■ Description of the task: Take the line with "夜は大学の先生による教育講演" as the first and the last line of the data as the end. Write out both and every line between exactly, except pictures.

■ Information provided:
Content starts
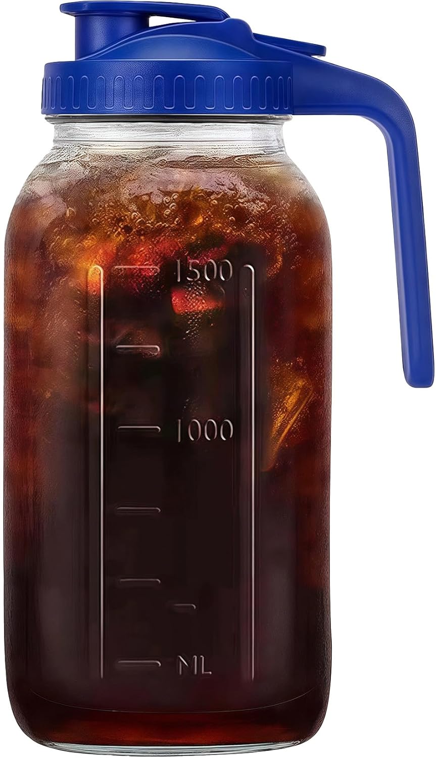 64oz Glass Pitcher with Handle and Lid, 2 Quart Mason Jar Pitcher - Airtight & Leakproof Water Jug with Pour Spout Lid, Glass Containers for Fridge, Perfect for Juice, Cold Brew, Iced & Sun Tea
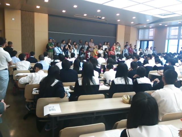 夜は大学の先生による教育講演が行われました。テーマは「進路について真剣に考える」です。
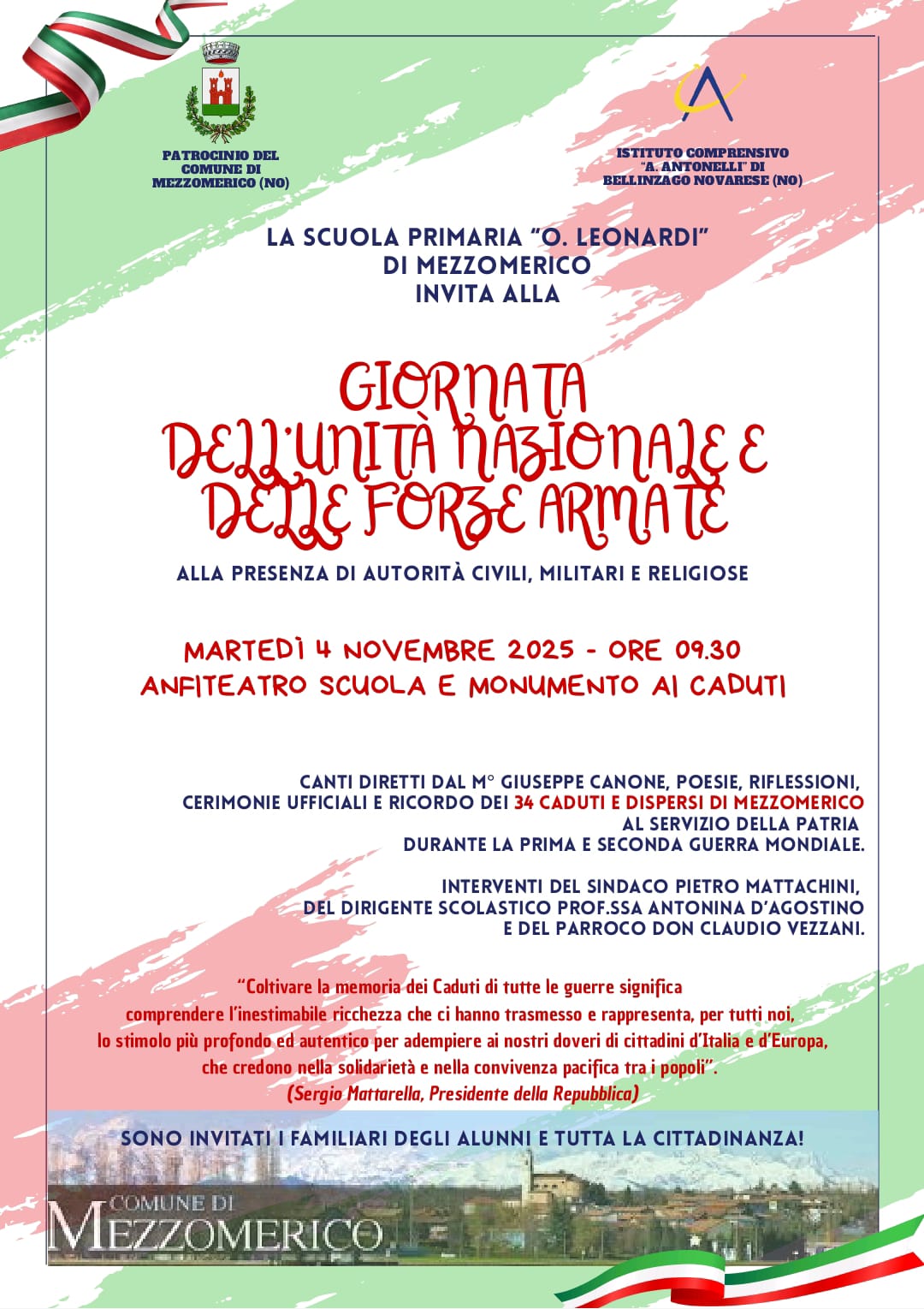 Si invitano i familiari degli alunni e tutta la cittadinanza a partecipare alla Giornata dell'Unità Nazionale e delle Forse Armate organizzata presso la Scuola Primaria "O. Leonardi" di Mezzomerico il giorno Martedì 04 Novembre 2025 - ore 9.30
Content ends
■ Answer section:
 夜は大学の先生による教育講演が行われました。テーマは「進路について真剣に考える」です。
 Si invitano i familiari degli alunni e tutta la cittadinanza a partecipare alla Giornata dell'Unità Nazionale e delle Forse Armate organizzata presso la Scuola Primaria "O. Leonardi" di Mezzomerico il giorno Martedì 04 Novembre 2025 - ore 9.30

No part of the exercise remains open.